CIRCUITS I LABORATORY:  The purpose of the Circuits I Laboratory is to:

• Introduce the student to the use of electrical test equipment, familiarize with the safety requirements, and laboratory procedures.
• Provide the student laboratory experiences that serve as a bridge between theory and practice.
• Provide experiences in the use of computer for circuit analysis, data acquisition and data analysis.
• Provide experiences in data analysis, written communication and teamwork.

DIGITAL LOGIC DESIGN LABORATORY: The objective of the Digital Logic Design Laboratory is to

• provide the student experiences, in the design, to setup and use the digital laboratory equipment to conduct experiments, collect and analyze data.
• Present technical reports using modern tools and gain experiences while working as member of a team.
• Gain experiences in the design of combinatorial and sequential logic circuits, counters, and microprocessor architecture and programming.

ELECTRONICS LABORATORY: The objective of the Electronics Laboratory is to

• Provide the student competency in analyzing circuits that include applications of Op-Amps, transistors and diodes, and to design single and multi-stage amplifier circuits, and filters.
• The student should also learn to use software packages such as PSpice for analysis and design, present results of analysis in written reports using modern tools, and participate as a member of a team.

CONTROL SYSTEMS LABORATORY: The objective of the Control Systems Laboratory is to

• provide experiences in analyzing and designing open loop and closed loop position and velocity control systems.
• Allow students to conduct tests and design projects related to servo motor control.
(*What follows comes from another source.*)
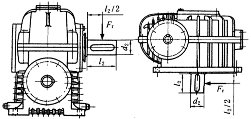 产品用途: TP型平面包络环面蜗杆减速机产品简介及标记 TP型平面包络环面蜗杆减速机(JB/T9051-1991)为平面一次包络蜗杆传动。中心距:100、125、160、200、250、315、400、500。速比:10、12.5、16、20、25、31.5、40、50、60。平面包络环面蜗杆减速机是一种新兴的传动装置,其承载能力大,传动效率高,结构紧凑、合理。这种减速机可以广泛地应用于各种传动机械中的减速传动,如冶金、矿产、起重、化工、建筑、橡塑、船舶等行业以及其它机械设备上,适用工作环境温度为-40℃~+40℃,输入轴转速不大于1500转/分,蜗杆轴可正反两方向旋转。此减速机是按照中华人民共和国机械行业标准JB/T9051——1999《平面包络环面蜗杆减速机》设计制造。 型号与标记示例 1 型号 标记示例 例 蜗杆在蜗轮之下, 中心距为200mm, 公称传动比为10, 第二种装配型式, 有风扇冷却的平面 包络环面蜗杆减速器: 减速器 TPU200 - 10 - 2F JB/T 9051—1999 TP型平面包络环面蜗杆减速机基本参数 中心距a (mm) 注:优先选用第一系列,表中第二系列的中心距仅提出型式规格。 减速器的公称传动比i 蜗杆螺旋线方向 为右旋。 TPG80、TPG100、通用型减速机形式及外形尺寸(Ⅰ—Ⅲ) TPG通用型减速器形式及外形尺寸 (mm) TPG80、TPG100、通用型减速机形式及外形尺寸(Ⅳ—Ⅵ) TPG通用型减速器形式及外形尺寸 (mm) TPG通用型减速器形式及外形尺寸 (mm) TPG80、TPG100、通用型减速机形式及外形尺寸(Ⅺ—XIII) PG通用型减速器形式及外形尺寸 (mm) TPU125、TPU160、TPU200、TPU250、TPU315、TPU400、TPU500通用型减速机形式及外形尺寸 TPU通用型减速器形式及外形尺寸 (mm) TPS125、TPS160、TPS200、TPS250、TPS315、TPS400、TPS500、通用型减速机形式及外形尺寸 TPS通用型减速器形式及外形尺寸 TPA125、TPA160、TPA200、TPA250、TPA315、TPA400、TPA500、通用型减速机形式及外形尺寸 TPA通用型减速器形式及外形尺寸 TP型平面包络环面蜗杆减速机的额定输入功率P1(80~125) TP型平面包络环面蜗杆减速机的额定输入功率P1(160~500) 注:1.不带风扇的减速器,其功率值为本表的0.6~0.75倍。 2.红框内为v>10m/s,应采用循环润滑。 TP型平面包络环面蜗杆减速机的额定输出转矩T2 注:1.不带风扇的减速器,其转矩值为本表的0.6~0.75倍。 2.红框内为v>10m/s,应采用循环润滑。 3.本标准减速器可承受短时间峰值负荷,峰值转矩为额定转矩的2.5倍。 TP型平面包络环面蜗杆减速机的传动总效率η TP型平面包络环面蜗杆减速机蜗杆蜗轮啮合滑动速度v 注:红框内为v>10m/s,应采用循环润滑。 TP型平面包络环面蜗杆减速机低速轴轴端许用径向负荷Fr 减速器低速轴轴端许用径向负荷Fr TP系列减速机技术要求 接触斑点的大小 接触斑点的大小 侧隙jC和jb 轴承的轴向间隙 减速机的选用方法和润滑 1)减速器的选用 ①选用的已知条件: a.原动机类型及工作机负荷性质; b.额定输入功率P1(kW)或额定输出转矩T2(N·m); c.输入转速n1(r/min); d.最大输出转矩T2max(N·m)(对于低速传动的场合); e.传动比; f.输入输出轴的相对位置; g.输入输出轴的转向、装配型式。 ②工作类型: a.负荷性质; b.每日运行时间(h); c.每小时启动次数; d.小时负荷率JC(%)。 ③环境温度。 ④输出轴轴端附加负荷。 2)减速器的润滑 ①蜗杆蜗轮啮合,一般采用浸油润滑,浸油液面,对于TPG型式,采用全浸;对于TPU式、TPA型式、TPS型式,液面与蜗杆轴线重合,当啮合滑动速度v>10m/s时,采用强迫润滑。 ②在通常情况下,可根据滑动速度的大小,选择润滑油牌号,表1为推荐的润滑油牌号。 推荐润滑油牌号 ③润滑油不允许采用极压齿轮油。 ④减速器的润滑油量按油标加注,可按表2所列油量备油。 润滑油油量 3)采用强制润滑 润滑油黏度为242~198 cst/40℃,注油压力为1.5~2.5Pa,每分钟注油量按表3的规定。 强制润滑时的注油量

ELECTRICAL SYSTEMS DESIGN LABORATORY: The objective of the Electrical Systems Design Laboratory is to

• provide the student team design experiences.
• Students working in teams of two to three students will design complex electrical and electronic systems from the areas of communication systems, power systems, control systems and digital systems.
• Students also gain experiences in oral and written communication using modern tools and discuss impact of their design on society while considering ethics, safety, standards and constraints in their designs.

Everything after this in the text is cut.